[Start of Attachment]

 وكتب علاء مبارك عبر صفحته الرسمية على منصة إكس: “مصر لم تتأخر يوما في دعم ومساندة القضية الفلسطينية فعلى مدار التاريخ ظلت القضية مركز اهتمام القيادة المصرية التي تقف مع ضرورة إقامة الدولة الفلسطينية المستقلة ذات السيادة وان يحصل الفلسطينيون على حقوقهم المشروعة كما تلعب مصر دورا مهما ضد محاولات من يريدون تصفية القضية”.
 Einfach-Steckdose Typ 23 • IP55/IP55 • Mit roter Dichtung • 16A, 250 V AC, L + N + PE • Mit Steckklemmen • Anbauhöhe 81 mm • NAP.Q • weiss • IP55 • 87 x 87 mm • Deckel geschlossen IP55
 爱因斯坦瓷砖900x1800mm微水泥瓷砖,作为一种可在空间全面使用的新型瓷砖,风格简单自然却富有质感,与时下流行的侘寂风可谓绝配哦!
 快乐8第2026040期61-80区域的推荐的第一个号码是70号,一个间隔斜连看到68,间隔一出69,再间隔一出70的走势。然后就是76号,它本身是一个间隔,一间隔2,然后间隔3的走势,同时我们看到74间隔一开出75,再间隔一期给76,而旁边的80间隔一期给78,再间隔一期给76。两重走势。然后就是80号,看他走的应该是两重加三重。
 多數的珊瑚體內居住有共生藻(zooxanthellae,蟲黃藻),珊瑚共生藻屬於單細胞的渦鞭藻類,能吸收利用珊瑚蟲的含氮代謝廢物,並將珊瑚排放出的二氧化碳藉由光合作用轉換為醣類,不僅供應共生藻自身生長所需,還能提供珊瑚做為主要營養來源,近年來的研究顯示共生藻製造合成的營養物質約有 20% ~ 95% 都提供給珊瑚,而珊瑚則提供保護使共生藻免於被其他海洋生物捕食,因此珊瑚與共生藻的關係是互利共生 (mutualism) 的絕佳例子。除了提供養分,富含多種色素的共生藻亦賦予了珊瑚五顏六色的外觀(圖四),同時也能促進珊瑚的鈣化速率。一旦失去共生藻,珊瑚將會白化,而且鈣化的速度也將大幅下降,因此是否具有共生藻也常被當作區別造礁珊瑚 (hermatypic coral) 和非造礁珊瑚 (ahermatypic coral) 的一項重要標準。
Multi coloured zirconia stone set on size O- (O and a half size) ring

[End of Attachment]
[Start of Attachment]

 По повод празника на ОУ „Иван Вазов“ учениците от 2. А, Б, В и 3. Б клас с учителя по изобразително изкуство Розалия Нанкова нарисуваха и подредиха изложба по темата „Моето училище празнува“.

[End of Attachment]

-- EXERCISE INSTRUCTIONS --
Set down precisely the lines above between the line holding "(ahermatypic coral) 的一項重要標準。" and the line holding "Multi coloured zirconia", inclusive, and nothing beyond them.

-- EXERCISE ANSWER --
 多數的珊瑚體內居住有共生藻(zooxanthellae,蟲黃藻),珊瑚共生藻屬於單細胞的渦鞭藻類,能吸收利用珊瑚蟲的含氮代謝廢物,並將珊瑚排放出的二氧化碳藉由光合作用轉換為醣類,不僅供應共生藻自身生長所需,還能提供珊瑚做為主要營養來源,近年來的研究顯示共生藻製造合成的營養物質約有 20% ~ 95% 都提供給珊瑚,而珊瑚則提供保護使共生藻免於被其他海洋生物捕食,因此珊瑚與共生藻的關係是互利共生 (mutualism) 的絕佳例子。除了提供養分,富含多種色素的共生藻亦賦予了珊瑚五顏六色的外觀(圖四),同時也能促進珊瑚的鈣化速率。一旦失去共生藻,珊瑚將會白化,而且鈣化的速度也將大幅下降,因此是否具有共生藻也常被當作區別造礁珊瑚 (hermatypic coral) 和非造礁珊瑚 (ahermatypic coral) 的一項重要標準。
Multi coloured zirconia stone set on size O- (O and a half size) ring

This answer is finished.